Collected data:
=-=-=-=-=

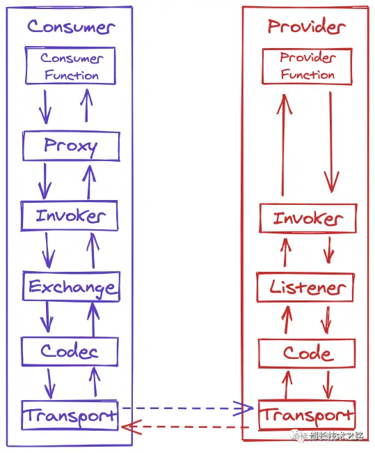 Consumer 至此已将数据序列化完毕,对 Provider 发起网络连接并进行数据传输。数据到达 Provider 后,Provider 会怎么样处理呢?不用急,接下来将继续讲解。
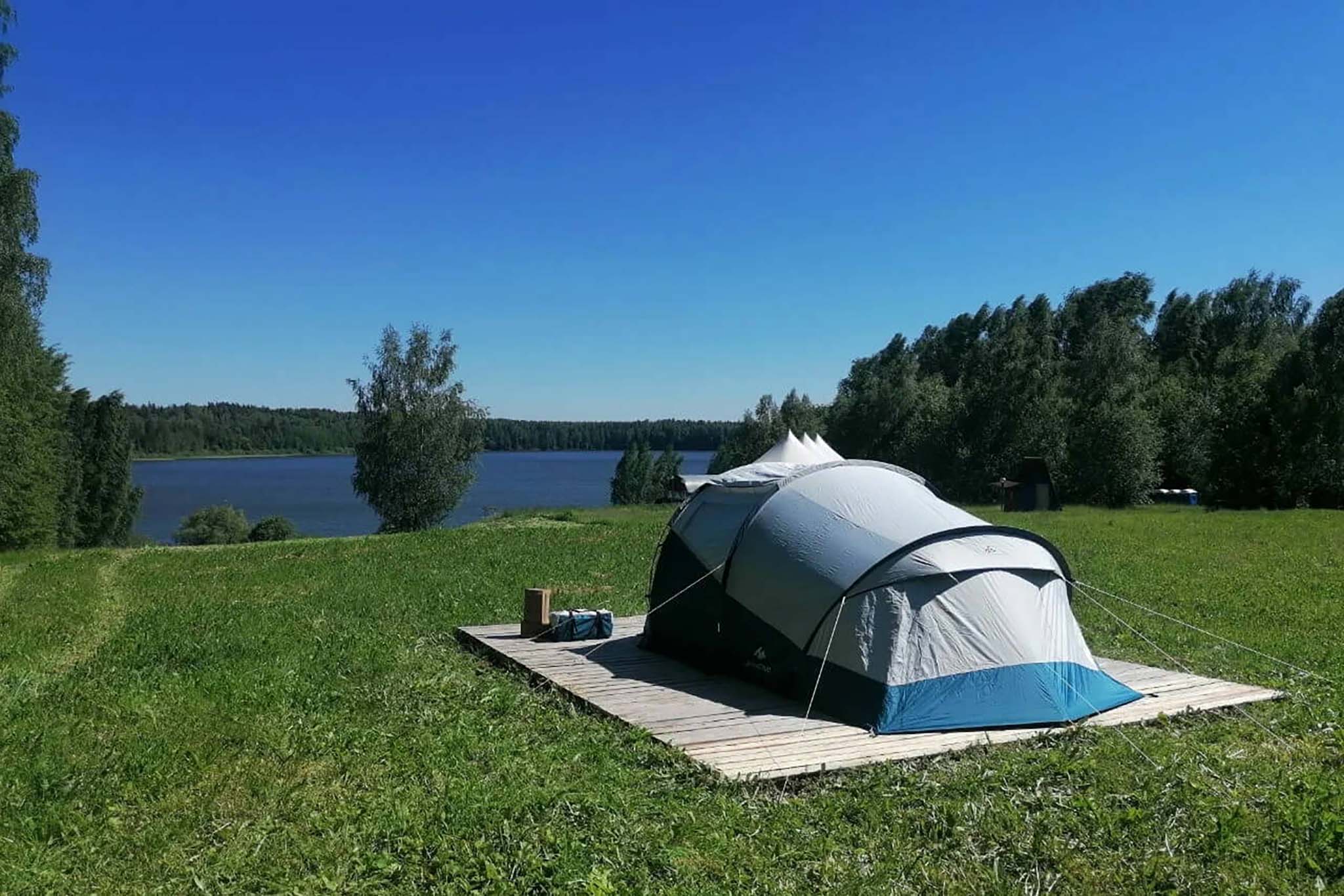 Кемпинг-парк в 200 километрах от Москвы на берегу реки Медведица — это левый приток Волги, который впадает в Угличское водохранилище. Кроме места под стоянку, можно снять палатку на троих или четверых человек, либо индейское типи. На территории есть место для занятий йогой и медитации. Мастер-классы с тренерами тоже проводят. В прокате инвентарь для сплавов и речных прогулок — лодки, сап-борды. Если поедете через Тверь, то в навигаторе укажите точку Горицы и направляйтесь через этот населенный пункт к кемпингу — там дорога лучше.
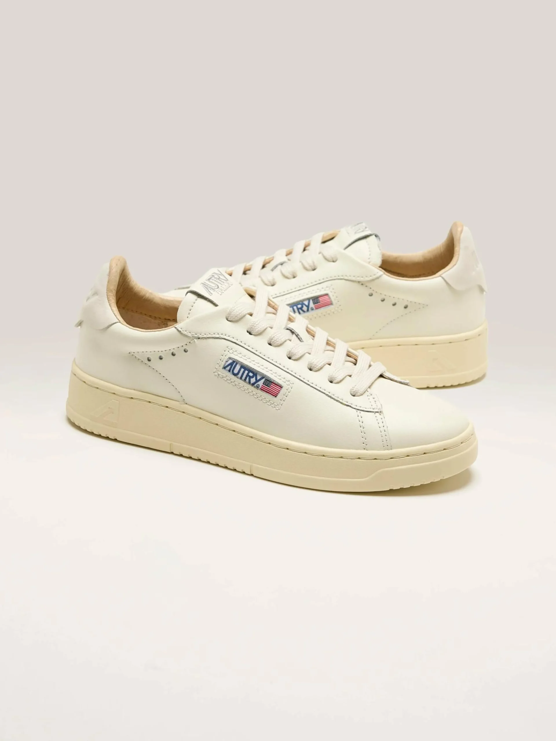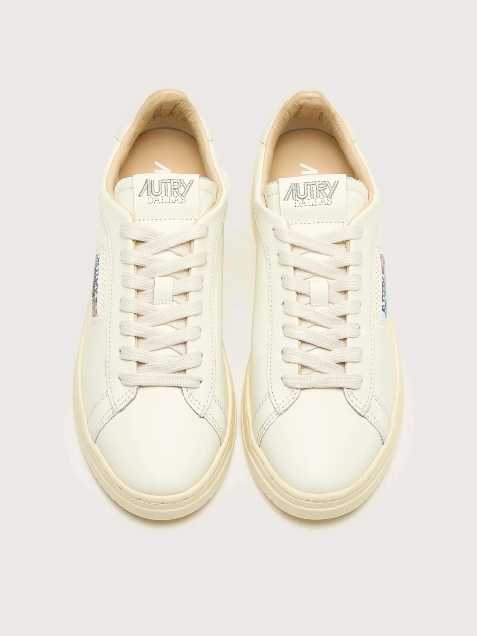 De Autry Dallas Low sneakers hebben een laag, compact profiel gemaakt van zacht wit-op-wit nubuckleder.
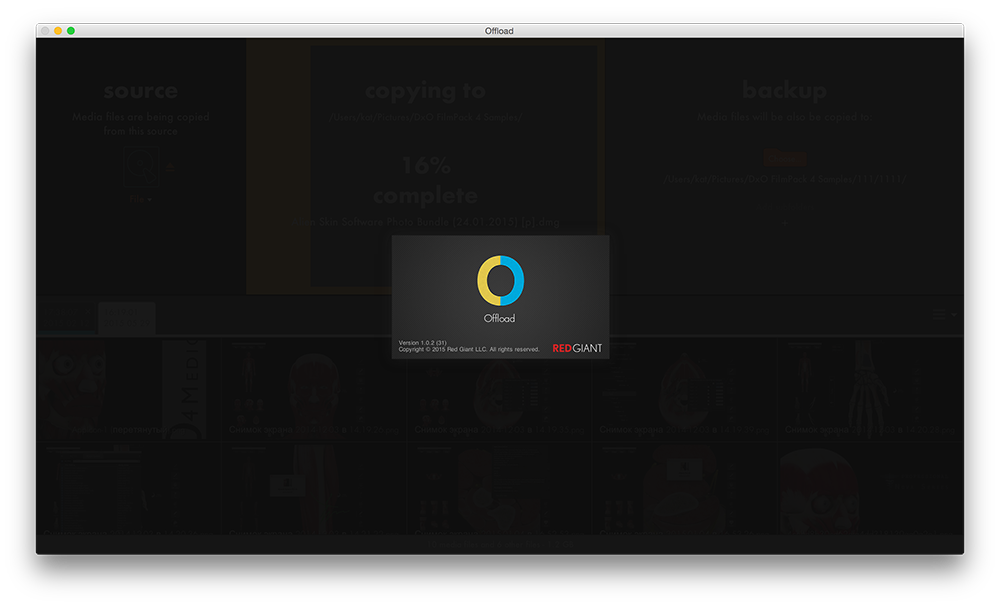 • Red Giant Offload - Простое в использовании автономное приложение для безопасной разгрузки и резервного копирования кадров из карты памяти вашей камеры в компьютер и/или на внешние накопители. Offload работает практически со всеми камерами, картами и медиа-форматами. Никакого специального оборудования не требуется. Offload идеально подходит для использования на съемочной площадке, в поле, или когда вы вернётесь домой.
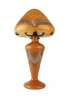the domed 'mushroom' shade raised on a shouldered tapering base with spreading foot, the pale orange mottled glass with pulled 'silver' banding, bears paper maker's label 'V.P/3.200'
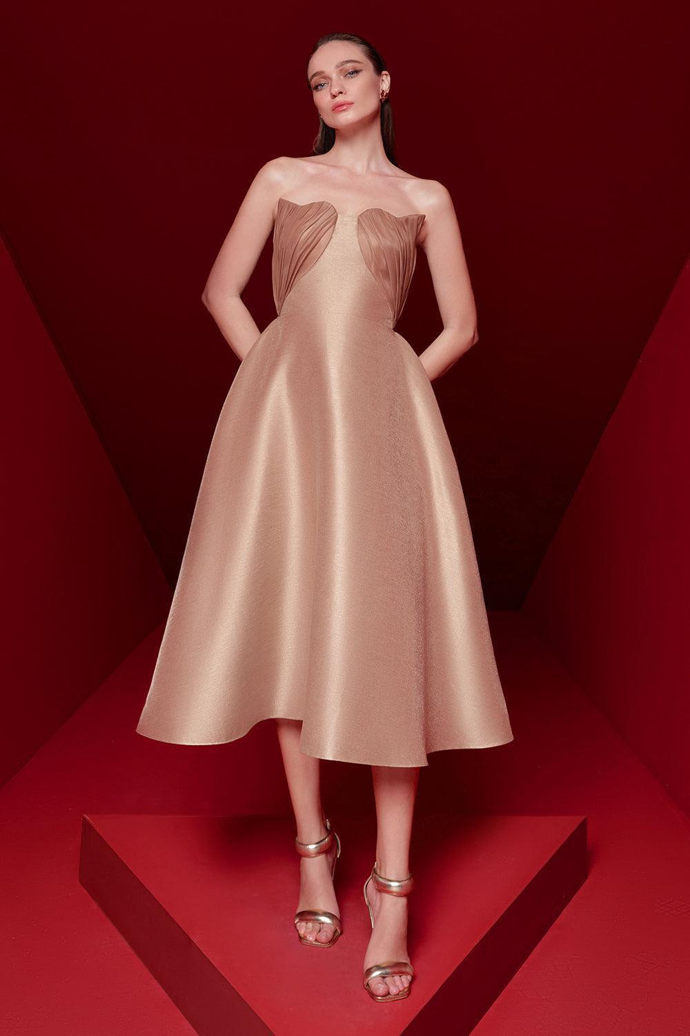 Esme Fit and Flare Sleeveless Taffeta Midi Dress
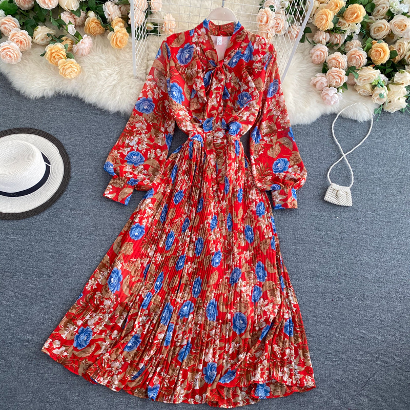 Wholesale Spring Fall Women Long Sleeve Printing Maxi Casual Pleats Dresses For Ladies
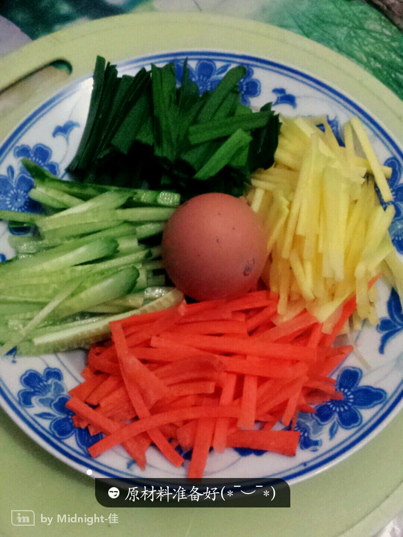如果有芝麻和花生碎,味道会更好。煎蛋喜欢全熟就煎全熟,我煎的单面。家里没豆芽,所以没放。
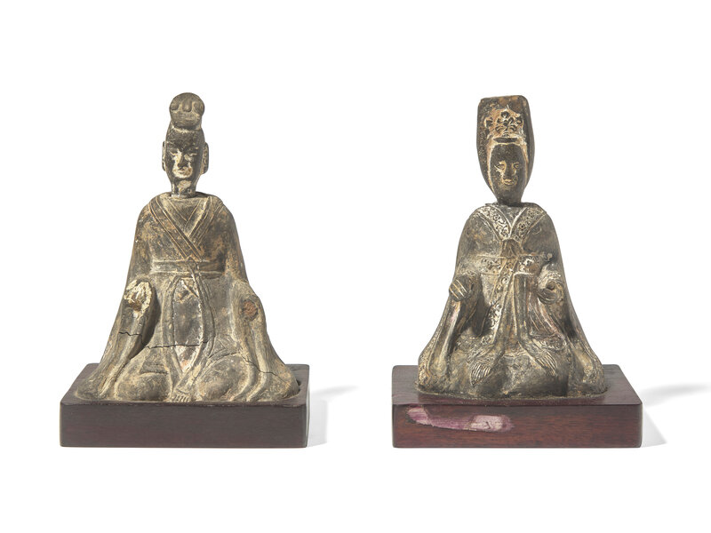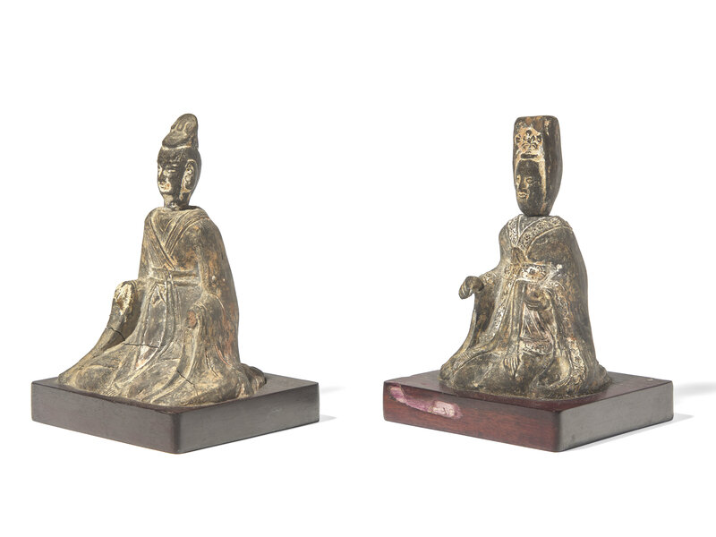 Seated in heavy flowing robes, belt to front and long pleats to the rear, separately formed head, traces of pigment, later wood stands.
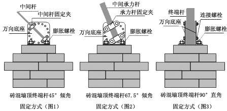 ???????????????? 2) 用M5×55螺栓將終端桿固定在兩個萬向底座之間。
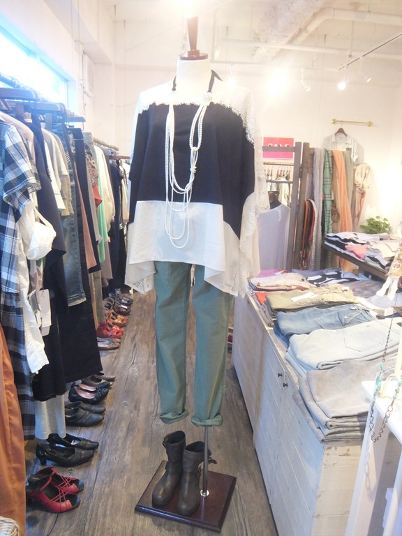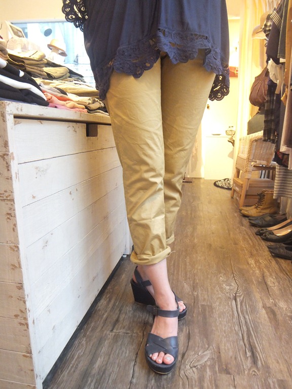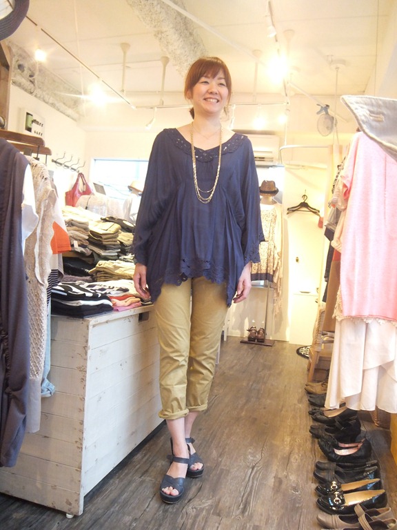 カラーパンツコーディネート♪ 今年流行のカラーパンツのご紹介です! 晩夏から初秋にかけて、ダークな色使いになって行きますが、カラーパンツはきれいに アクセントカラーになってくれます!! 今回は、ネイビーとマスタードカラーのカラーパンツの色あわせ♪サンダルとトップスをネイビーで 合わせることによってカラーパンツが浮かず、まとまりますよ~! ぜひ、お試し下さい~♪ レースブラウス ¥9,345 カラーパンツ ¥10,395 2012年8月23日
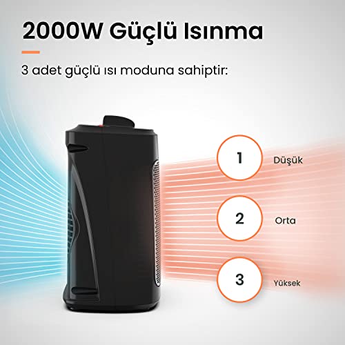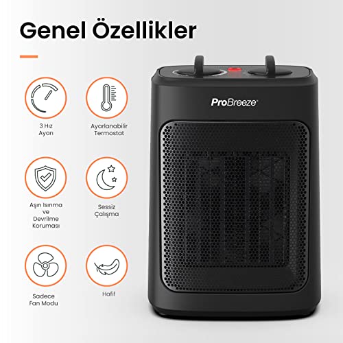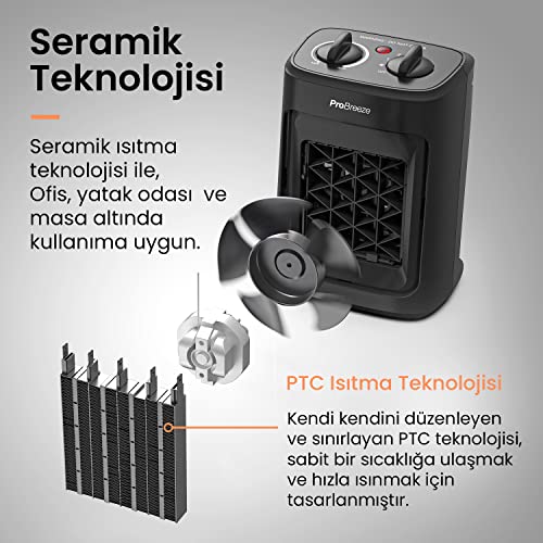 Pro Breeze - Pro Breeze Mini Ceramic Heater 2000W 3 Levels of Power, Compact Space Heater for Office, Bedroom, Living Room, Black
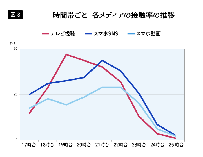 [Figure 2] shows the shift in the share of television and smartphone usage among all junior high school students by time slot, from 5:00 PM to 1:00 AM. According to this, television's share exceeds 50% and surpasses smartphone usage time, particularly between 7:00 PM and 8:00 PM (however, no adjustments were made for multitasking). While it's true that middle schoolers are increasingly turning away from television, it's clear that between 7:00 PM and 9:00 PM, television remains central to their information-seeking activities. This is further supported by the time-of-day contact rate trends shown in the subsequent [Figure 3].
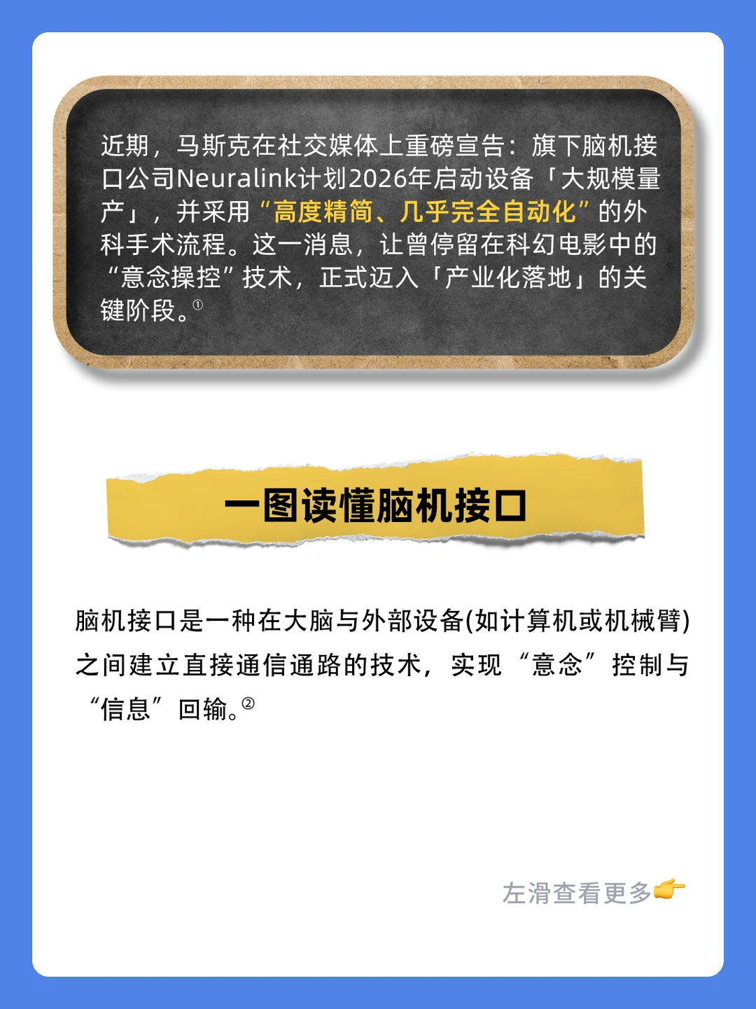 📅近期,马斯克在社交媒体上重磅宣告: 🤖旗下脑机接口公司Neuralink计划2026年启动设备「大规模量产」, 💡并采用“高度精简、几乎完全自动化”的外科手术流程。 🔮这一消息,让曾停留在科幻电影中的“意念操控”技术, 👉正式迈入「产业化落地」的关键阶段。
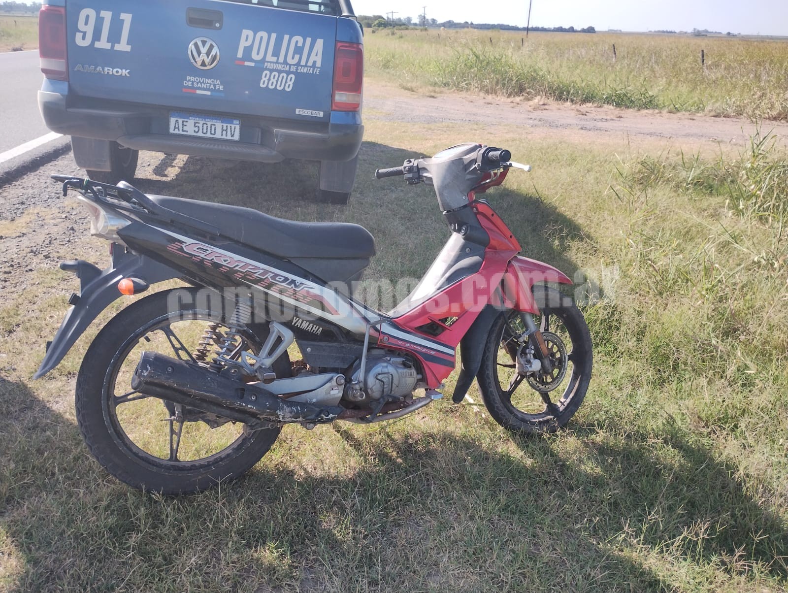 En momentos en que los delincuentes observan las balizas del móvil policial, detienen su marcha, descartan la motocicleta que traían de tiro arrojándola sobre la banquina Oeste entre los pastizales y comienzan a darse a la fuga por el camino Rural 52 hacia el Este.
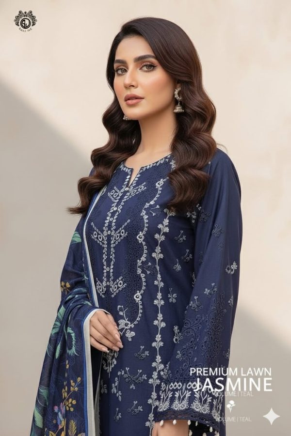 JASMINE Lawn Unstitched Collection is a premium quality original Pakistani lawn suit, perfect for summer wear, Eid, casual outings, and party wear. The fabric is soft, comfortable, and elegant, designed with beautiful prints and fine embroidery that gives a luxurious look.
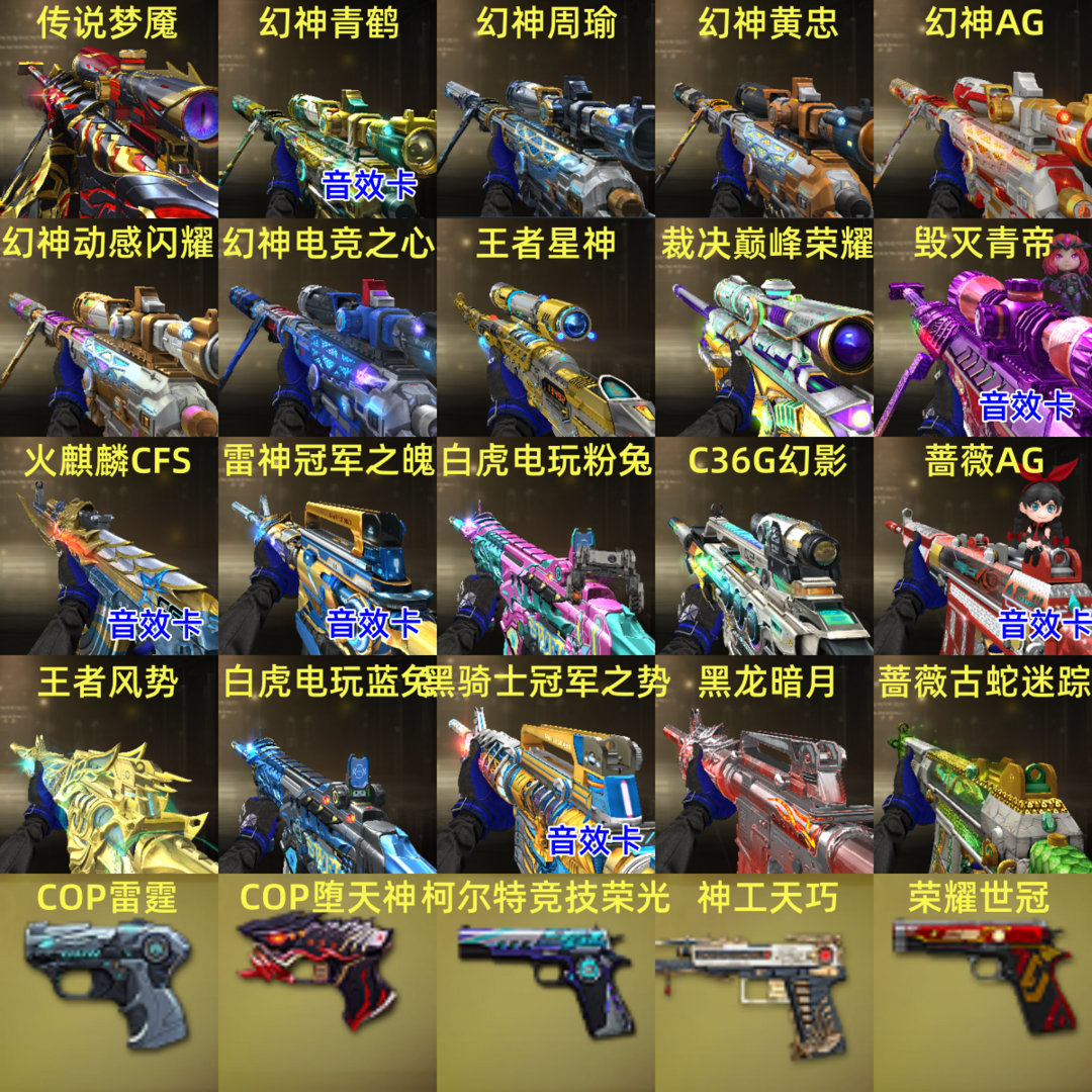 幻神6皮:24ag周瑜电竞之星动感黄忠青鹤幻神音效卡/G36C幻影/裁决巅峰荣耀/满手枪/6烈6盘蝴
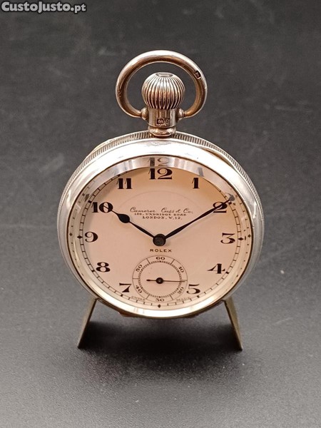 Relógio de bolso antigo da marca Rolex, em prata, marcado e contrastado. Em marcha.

=-=-=-=-=

(ACTION ITEM):
From the line with "如果有芝麻和花生碎,味道会更" up to and including the line with "Pro Breeze - Pro" above, retype every line exactly and nothing more; leave out the pictures.

(TASK RESULT):
如果有芝麻和花生碎,味道会更好。煎蛋喜欢全熟就煎全熟,我煎的单面。家里没豆芽,所以没放。
 Seated in heavy flowing robes, belt to front and long pleats to the rear, separately formed head, traces of pigment, later wood stands.
 ???????????????? 2) 用M5×55螺栓將終端桿固定在兩個萬向底座之間。
 カラーパンツコーディネート♪ 今年流行のカラーパンツのご紹介です! 晩夏から初秋にかけて、ダークな色使いになって行きますが、カラーパンツはきれいに アクセントカラーになってくれます!! 今回は、ネイビーとマスタードカラーのカラーパンツの色あわせ♪サンダルとトップスをネイビーで 合わせることによってカラーパンツが浮かず、まとまりますよ~! ぜひ、お試し下さい~♪ レースブラウス ¥9,345 カラーパンツ ¥10,395 2012年8月23日
 Pro Breeze - Pro Breeze Mini Ceramic Heater 2000W 3 Levels of Power, Compact Space Heater for Office, Bedroom, Living Room, Black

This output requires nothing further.